The worst case scenario is that you have to do double the amount of work for each pull request (essentially: independent patches to 1.x and 2.x), but if it could be reduced to 1.5x as much work then perhaps that's OK. Even "forward-porting" bug fixes will be a challenge. We shouldn't allow these things to halt progress on advancing the library internals to a more sustainable / future-proof place.
Our problem is not unlike the Python language moratorium instituted in 2009: https://www.python.org/dev/peps/pep-3003/.
- Wes
On Mon, Aug 1, 2016 at 2:01 PM, Wes McKinney <wesmckinn@gmail.com> wrote:
hey Andy -- that makes sense to me. What I'm hoping to do this month is scope out a more granular plan for the specific things (problems and their possible solutions with lists of pros/cons of various approaches) we want to accomplish in a pandas 2.x effort and make sure we all agree (up to 70-80% of the big picture items).
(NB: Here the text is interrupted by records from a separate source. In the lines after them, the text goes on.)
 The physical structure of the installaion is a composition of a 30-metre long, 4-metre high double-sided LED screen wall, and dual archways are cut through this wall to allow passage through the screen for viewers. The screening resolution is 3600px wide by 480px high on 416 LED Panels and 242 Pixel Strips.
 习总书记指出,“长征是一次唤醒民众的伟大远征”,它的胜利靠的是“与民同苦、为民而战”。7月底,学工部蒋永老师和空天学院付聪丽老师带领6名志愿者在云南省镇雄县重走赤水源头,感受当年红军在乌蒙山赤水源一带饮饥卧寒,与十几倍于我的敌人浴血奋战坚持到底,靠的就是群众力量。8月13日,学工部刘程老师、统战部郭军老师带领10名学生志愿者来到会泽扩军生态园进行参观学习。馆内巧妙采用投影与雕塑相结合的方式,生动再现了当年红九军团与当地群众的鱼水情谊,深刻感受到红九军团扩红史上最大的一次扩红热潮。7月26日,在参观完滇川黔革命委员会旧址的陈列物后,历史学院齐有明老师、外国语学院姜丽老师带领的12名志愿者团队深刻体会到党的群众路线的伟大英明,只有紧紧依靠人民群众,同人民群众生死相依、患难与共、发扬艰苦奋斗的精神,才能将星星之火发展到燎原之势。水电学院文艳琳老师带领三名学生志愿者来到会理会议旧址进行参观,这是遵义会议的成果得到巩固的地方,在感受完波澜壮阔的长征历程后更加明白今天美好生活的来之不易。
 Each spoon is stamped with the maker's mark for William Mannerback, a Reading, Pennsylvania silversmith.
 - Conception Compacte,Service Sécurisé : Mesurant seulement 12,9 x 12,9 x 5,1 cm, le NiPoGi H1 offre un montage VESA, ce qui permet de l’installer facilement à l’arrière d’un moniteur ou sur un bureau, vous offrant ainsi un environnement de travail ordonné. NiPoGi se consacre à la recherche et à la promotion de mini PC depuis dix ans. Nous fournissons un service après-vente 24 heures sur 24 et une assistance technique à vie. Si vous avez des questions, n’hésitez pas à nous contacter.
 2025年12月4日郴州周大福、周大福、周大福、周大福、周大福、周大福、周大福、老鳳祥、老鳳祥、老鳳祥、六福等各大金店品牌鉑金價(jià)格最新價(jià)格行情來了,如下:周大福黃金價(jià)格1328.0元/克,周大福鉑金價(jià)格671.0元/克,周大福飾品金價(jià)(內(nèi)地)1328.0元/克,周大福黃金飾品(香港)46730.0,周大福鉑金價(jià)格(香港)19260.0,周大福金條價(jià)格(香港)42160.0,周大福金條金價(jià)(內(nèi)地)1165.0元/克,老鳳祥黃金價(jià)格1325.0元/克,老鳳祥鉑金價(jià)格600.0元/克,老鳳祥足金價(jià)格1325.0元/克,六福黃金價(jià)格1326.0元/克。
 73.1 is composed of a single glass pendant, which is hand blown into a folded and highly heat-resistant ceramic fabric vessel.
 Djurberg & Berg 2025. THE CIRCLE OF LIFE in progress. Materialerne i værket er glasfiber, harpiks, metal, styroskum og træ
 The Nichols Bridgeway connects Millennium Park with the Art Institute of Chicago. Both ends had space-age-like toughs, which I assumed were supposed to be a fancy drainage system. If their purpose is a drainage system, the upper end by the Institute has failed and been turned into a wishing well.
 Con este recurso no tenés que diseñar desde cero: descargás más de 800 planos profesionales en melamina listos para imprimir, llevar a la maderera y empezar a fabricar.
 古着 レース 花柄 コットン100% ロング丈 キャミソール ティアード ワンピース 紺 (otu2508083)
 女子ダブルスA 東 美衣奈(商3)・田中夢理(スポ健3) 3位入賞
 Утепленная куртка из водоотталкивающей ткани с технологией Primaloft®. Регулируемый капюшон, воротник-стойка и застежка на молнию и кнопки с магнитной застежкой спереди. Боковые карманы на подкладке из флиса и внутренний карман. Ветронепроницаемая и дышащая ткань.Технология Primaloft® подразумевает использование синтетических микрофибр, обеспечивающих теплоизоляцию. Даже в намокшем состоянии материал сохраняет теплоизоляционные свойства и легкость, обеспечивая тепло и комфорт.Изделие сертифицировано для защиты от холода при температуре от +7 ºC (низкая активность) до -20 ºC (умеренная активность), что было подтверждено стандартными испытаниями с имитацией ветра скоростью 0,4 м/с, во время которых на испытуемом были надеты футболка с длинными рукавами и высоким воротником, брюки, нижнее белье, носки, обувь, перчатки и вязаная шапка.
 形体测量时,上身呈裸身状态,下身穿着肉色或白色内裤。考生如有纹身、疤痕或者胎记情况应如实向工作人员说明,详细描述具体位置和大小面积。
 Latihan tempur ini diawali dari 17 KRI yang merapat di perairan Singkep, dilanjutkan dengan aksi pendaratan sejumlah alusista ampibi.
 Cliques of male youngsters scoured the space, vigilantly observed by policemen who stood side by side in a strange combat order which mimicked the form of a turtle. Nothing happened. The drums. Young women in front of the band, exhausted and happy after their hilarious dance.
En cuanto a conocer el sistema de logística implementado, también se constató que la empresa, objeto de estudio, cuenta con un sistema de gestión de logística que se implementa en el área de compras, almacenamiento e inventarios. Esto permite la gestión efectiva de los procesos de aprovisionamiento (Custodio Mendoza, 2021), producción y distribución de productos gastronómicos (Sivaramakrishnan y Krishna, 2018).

If we're going to raise a significant amount of money we owe it to the donors to explain how the money will be directed, and we won't want to be dealing with a lot of uncertainty about the roadmap once we have engaged FTEs beginning to help with moving things forward.
- Wes
On Mon, Aug 1, 2016 at 1:54 PM, Andy Ray Terrel <andy.terrel@gmail.com> wrote:
Crazy thought.
Perhaps ya'll could put together a road map and resources you will need to get it done (as in money for FTEs). I would like to see NumFOCUS try to push our sponsors to fund more FTEs for projects like this. If we have a road map in hand it makes the conversations much more tangible.
-- Andy
On Sun, Jul 31, 2016 at 5:03 PM, Joris Van den Bossche <jorisvandenbossche@gmail.com> wrote:
Regarding 1), I agree it is a good idea to push a 0.19.0 release soonish, en we can then discuss what we further want to do (or not to do) for the 1.0 release. I am on holidays the coming week and a half, but afterwards I will also focus on getting 0.19.0 out. A release candidate in the last week of August is maybe a good deadline?
Joris
2016-07-29 0:15 GMT+02:00 Wes McKinney <wesmckinn@gmail.com>:
OK, let me try to collect some of the feedback and give my thoughts
1) 0.19 and 0.20: I think we should push to release 0.19.0 soon and then plan what we want to add/change/deprecate for 1.0 which might otherwise have been 1.0. I think delaying 0.19.0 since we already pushed back 0.18.2, and there are some significant new patches (asof_merge and variable rolling windows), it would be good to get this into production before we declare a stable 1.0.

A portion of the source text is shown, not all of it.